His mentor encouraged him to apply to go back to university, and he was admitted to University of Toronto with a small fellowship in 1951. In 1953 he graduated with a master’s in social work and began working with Children’s Aid. In 1957 he was admitted with a fellowship to an intensive and prestigious training program at the Merrill Palmer institute in Detroit which is still at the cutting edge of research and training in child development.
“This program was probably the best thing that ever happened to me. Part of the program was to go through your own therapy. I began going twice a week for about 12 months. My therapist suggested that I talk to my stepmother about the tensions I felt being dragged through Europe. A lot of the time her frustration was let out on me. That’s what happens when you are a refugee and widow, and you’ve lost everything. I was a scapegoat in some sense. I visited my mother and talked about it. I don’t know if it helped her, but it helped me.”
“One of my professors thought I should take a PhD. He was a graduate of Cornell, and he wrote to the dean of child development and family relationships. I applied, thinking, ‘What have I got to lose’? I got the largest fellowship they had.
“Before I moved, I wrote to the rabbi at Hillel Cornell who wanted someone to do counselling with Jewish students in Jewish fraternities. And he wanted me to meet Rachel Aber – her father was a Rabbi at Hillel in Ithica. The first week I’m walking up the hill and next to me is Rachel. Then she turned up in my class. It was just before Rosh Hashana and Rachel’s parents invited me to join them. I started eating there and I kept going for two years and then proposed to Rachel. “
By 1961 Schlesinger and his wife had returned to Toronto and he joined the faculty of Social Work at U of T where he became the first social work professor in Canada to be elected as a member of the Royal Society of Canada.
“Dr. Schlesinger was a distinguished scholar, educator and author whose work profoundly shaped the field of social work in Canada and beyond. His commitment to advancing knowledge and supporting families has left a lasting legacy in the academic and social work communities,” Charmaine Williams, Dean of the Factor-Inwentash Faculty of Social Work told The CJN.
“I’m constantly interested in what happens to family life – Jewish and otherwise. I think it’s directly related to what happened to me as a refugee having lost my birth parents,” he said.
In 1988, the City of Berlin invited Schlesinger and his wife back as part of a program for former Jewish Berliners. After 49 years he returned to the city he was born in. And, for the first time he was able to visit his mother’s grave at the Jewish cemetery in East Berlin.
Colleague Bernard Katz knew Ben and Rachel through the Association for Canadian Jewish Studies where they were frequent speakers at annual conferences. He told The CJN, “He had a warm and bright personality and a sense of Yiddishkeit. The two of them were involved in all sorts of different things. My wife and I would go to the Toronto Jewish Film Festival almost every year and Ben and Rachel were volunteers. He was a real mensch.”
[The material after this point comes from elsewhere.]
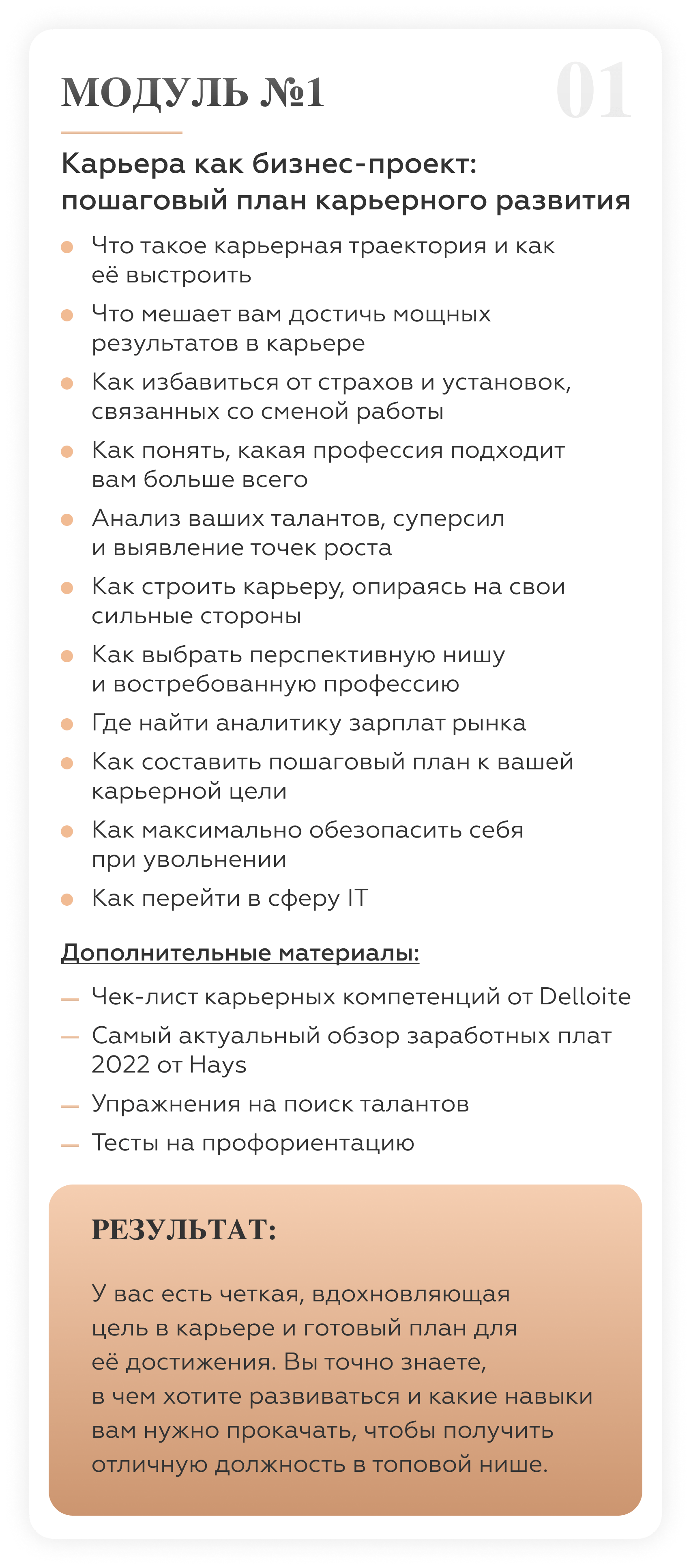 Вы увидите перспективы развития внутри компании, поймете, какие навыки нужно прокачать, чтобы стать первым кандидатом на повышение. Вы научитесь выстраивать отношения с начальством и договариваться об увеличении зарплаты, усилите свой личный бренд, прокачаете уверенность в себе.

“Our father was the patriarch of our family – our hero, our guiding light and a true legend in our eyes. He was loved and respected by all who knew him and his kindness and wisdom touched many beyond our family. His legacy will live on through the generations,” his daughter Esther told The CJN.
“My first message to the new generation is don’t forget,” Schlesinger said. “View our testimonies. Go to Europe and visit some of these places, including the camps. Read. Study. Ask about your family roots. And mainly and above all, keep your Jewish identity. We are very few people – don’t destroy us.”
He leaves his wife of 66 years, Rachel, children Avi, Leo, Esther and Michael and many grandchildren and great-grandchildren.